Modernist artists, and collectors, returned from Paris, the center of the Modernist movement, to seek out an American art tradition. They found their inspiration in pre-20th century folk art. Folk portraits, weathervanes, decoys, hooked rugs and country furniture were relatively easy to find. These objects had the advantage of being cheap and quintessentially American.

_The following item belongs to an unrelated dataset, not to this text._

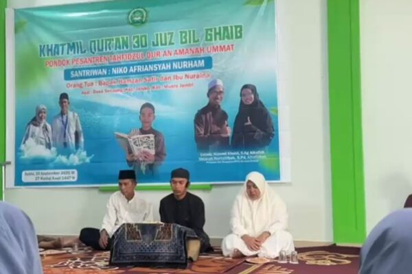 Tajam24Jam.Com Muaro Jambi, 20 September 2025 – Pondok Pesantren Tahfidz Qur’an Amanah Ummat menggelar acara Tasyakuran Khotmil Qur’an 30 Juz, Sabtu (20/9) pagi, di Masjid halaman pondok. Kegiatan ini menjadi momen bersejarah sekaligus ajang apresiasi bagi santri yang berhasil menuntaskan hafalan Al-Qur’an 30 Juz. Acara berlangsung khidmat dengan kehadiran para orang tua khotimin, jajaran pengajar, serta seluruh santri. Para santri menampilkan hafalan mereka secara langsung di hadapan tamu undangan, sebelum dilanjutkan dengan sambutan pimpinan pondok. Ustadz Nizomil Khoiri, S.Ag, Alhafizh, selaku pimpinan Pondok Pesantren Amanah Ummat, menyampaikan rasa syukur atas keberhasilan program tahfidz yang telah dijalankan. “Kami terus berusaha meningkatkan kualitas tahfidz dengan menghadirkan guru-guru penghafal 30 juz agar program ini semakin berkembang,” ujarnya. Sementara itu, Hamzan, orang tua salah satu khotimin, Niko Apriansyah Nurham, mengungkapkan rasa bangga dan haru. “Berkat bimbingan tulus dari para guru, anak kami bisa menyelesaikan hafalan 30 juz. Ini berkah yang luar biasa,” katanya. Kegiatan ini tidak hanya menjadi bentuk apresiasi, tetapi juga motivasi bagi seluruh santri untuk terus berusaha mengkhatamkan Al-Qur’an. Pondok Pesantren Amanah Ummat berharap keberhasilan angkatan pertama ini menjadi pijakan untuk melahirkan generasi penghafal Al-Qur’an yang cerdas dan berakhlak mulia. Acara ditutup dengan doa bersama, penuh harapan agar para santri istiqamah menjaga hafalan dan mampu menjadi teladan di tengah masyarakat. Penulis Tim

Several Modernist artists took their yearning to be part of an American artisan tradition one step further. They sought a deeper rapport with American folk artists by employing those artists’ methods of working with indigenous materials. They produced paintings on glass, tinsel pictures, hooked rugs and needlework. They carved sculpture directly in the wood with no preliminary models. Some young artists borrowed subject matter from folk paintings and carvings. Dr. D’Ambrosio’s presentation will include folk art that Modernists collected, Modernist art that was inspired by folk art and vintage photographs documenting how artists and collectors lived with, and displayed, their folk art.
Paul D’Ambrosio has risen from assistant curator to president and chief executive officer of the New York State Historical Association and the Farmers’ Museum in Cooperstown, New York. He holds a bachelor’s degree from the State University of New York (“SUNY”) College at Cortland, a master’s degree in museum studies from the Cooperstown graduate program at SUNY-Oneonta and a doctorate in American studies from Boston University. He has been an adjunct professor in the Cooperstown program since 1984.
Dr. D’Ambrosio’s publications include Artist and Visionary: William Matthew Prior Revealed (2012), the subject of his 2013 presentation to the Forum. He also wrote The World of John Brewster Jr., 1776–1854 (2006); Ralph Fasanella’s America (2001), the subject of his doctoral dissertation; and Folk Art’s Many Faces: Portraits in the New York State Historical Association (1987) with Charlotte Emans. He has also contributed essays to both volumes of Expressions of Innocence and Eloquence: Selections from the Jane Katcher Collection of Americana (2007, 2011). He has produced catalogues for numerous exhibitions which he has organized: Folk Art and American Modernism (2015); Winslow Homer: The Nature and Rhythm of Life (2014); Artist and Visionary: William Matthew Prior Revealed (2012); A Window into Edward Hopper (2011); John Singer Sargent: Portraits in Praise of Women (2010); and America’s Rome: Artists in the Eternal City, 1800–1900 (2009).